Under different working conditions, the materials used to make plastic gears need to be considered comprehensively, such as gear performance, process performance and economy. Plastic gear molding materials can be divided into general-purpose plastics, engineering plastics and special engineering plastics and fiber-reinforced plastic composites with their matrix, etc.
General purpose plastic gears
Common general-purpose plastics used for gears are Polyethylene, Polypropylene, PVC , Polystyrene, etc., as shown in the figure below
They have high output, low price and wide use, but at the same time have many disadvantages, such as low surface hardness, easy to be scratched; cracking under the action of environmental stress, leading to failure; in the process of gear meshing, due to the large coefficient of thermal expansion, a large amount of heat will be generated, more likely to creep and permanent deformation. Therefore, general-purpose plastic gears are not suitable for applications with high load-bearing capacity, but are suitable for manufacturing gears for toys and medical devices.
Engineering Plastic Gears
Engineering polymer is a special, high-performance synthetic plastic with excellent overall performance, high rigidity, low creep, high mechanical strength, good heat resistance, good electrical insulation, and can be used for a long time in harsh environmental conditions. Properly designed, they can be molded into semi-precision parts or structural parts with strong mechanical functions, and offer the possibility of replacing metal gears with "plastic instead of steel".

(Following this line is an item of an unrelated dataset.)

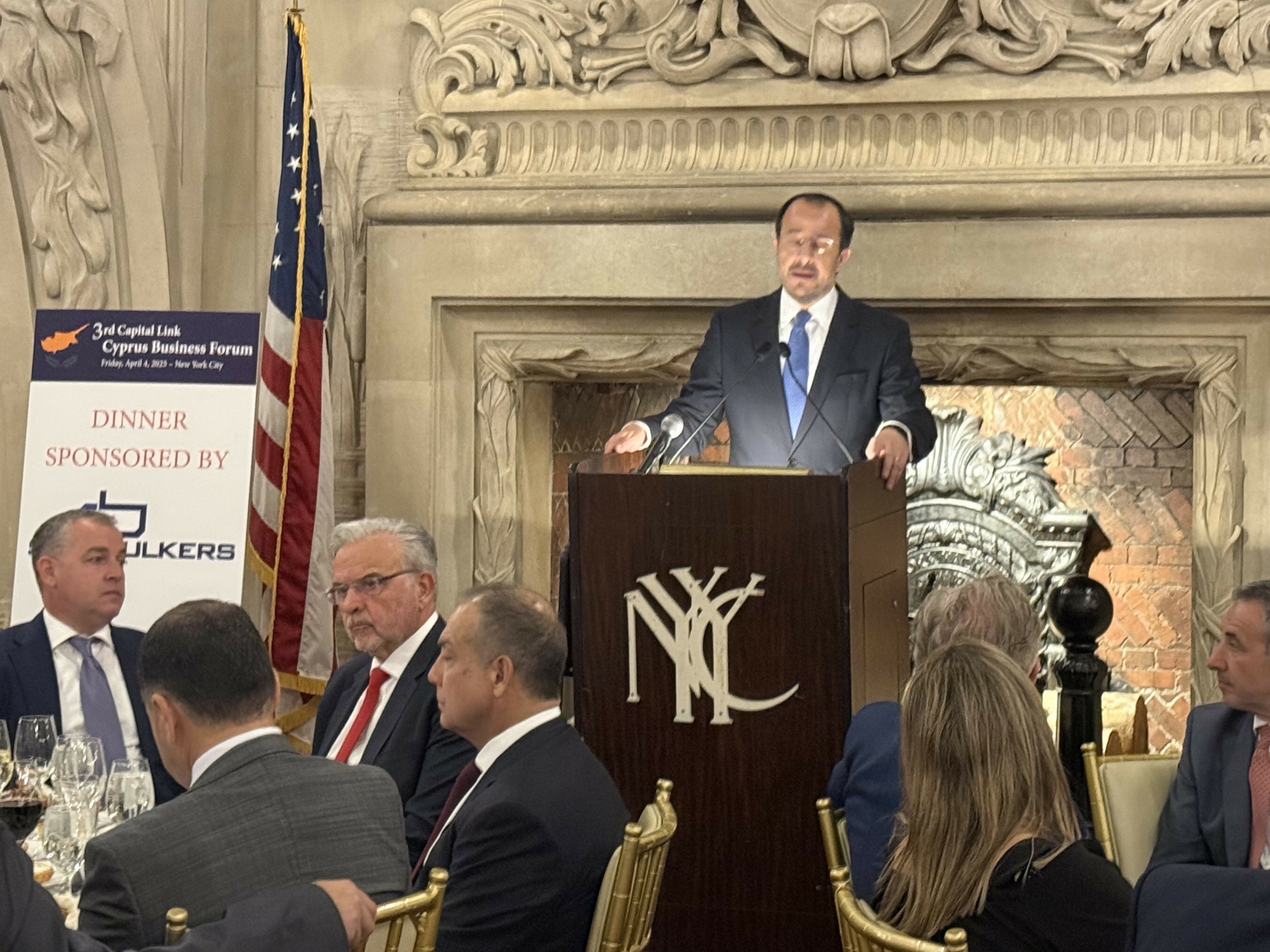 Η Κύπρος διανύει μια περίοδο ουσιαστικής μεταμόρφωσης, εδραιώνοντας τον ρόλο της ως σταθερού πυλώνα, αλλά και ως περιφερειακού ηγέτη σε ζητήματα ασφάλειας, ενέργειας και καινοτομίας στην Ανατολική Μεσόγειο. «Η γεωγραφία είναι μοίρα – αλλά το πώς πλοηγούμαστε σε αυτή τη μοίρα είναι στο χέρι μας», δήλωσε χαρακτηριστικά ο Πρόεδρος τηςa Κυπριακής Δημοκρατίας, Νίκος Χριστοδουλίδης, κατά την τοποθέτησή του σε εκδήλωση στο Yacht Club, στο πλαίσιο του 3rd Capital Link Cyprus Business Forum στη Νέα Υόρκη, παρουσία εκπροσώπων της διεθνούς ναυτιλίας, επενδυτών, εκπροσώπων της ομογένειας καθώς και του Γερουσιαστή Λάνσε Γκούντεν.

Engineering plastics can be subdivided into general engineering plastics and special engineering plastics 2 categories, which can be molded gear engineering plastics are polyamide (PA), polycarbonate (PC), polyoxymethylene (POM), acrylonitrile / butadiene / styrene copolymer (ABS) and thermoplastic elastomers, Polyimide ( PI ), Polyphenylene Sulfide (PPS), polyester (PBT), Polyetheretherketone (PEEK) and liquid crystal polymers (LCP) and so on.
PA Gear
Polyamide (PA) materials have the hardness of thermoplastic materials with good impact resistance and impact toughness. It has better properties than metals in some cases and has been widely used in the production of gears, cams and bearings. However, its heat deflection temperature is relatively low; the product has a large water absorption after placing, and the residual stress generated will cause surface defects on the product, change the thickness of the surface, increase the yield strength and cause a reduction in toughness; creep will also occur during use
POM Gears
With the increasing use of plastic gears, the application requirements have shifted from gear accuracy to load-bearing performance. The good mechanical properties of polyoxymethylene (POM) material can be applied to the injection molding of gears by combining precision and load-bearing. As a highly crystalline linear polymer, it is an excellent example of a heat resistant plastic. By injection molding, POM material can be made into hard and dense fatigue and wear resistant gears with good impact, low coefficient of friction and good self-lubricating properties, therefore, POM is the engineering material of choice for polymer gears. The disadvantage is the tendency to shrink when molding products and the tendency to produce defects.
PC Gear
Polycarbonate (PC) material is a colorless glassy amorphous polymer with high impact strength, good dimensional stability, low creep and good processing and molding properties. However, PC is susceptible to aging under the influence of higher temperatures, so the use of such materials at higher temperatures requires protection of the product surface, thereby extending the service life of PC.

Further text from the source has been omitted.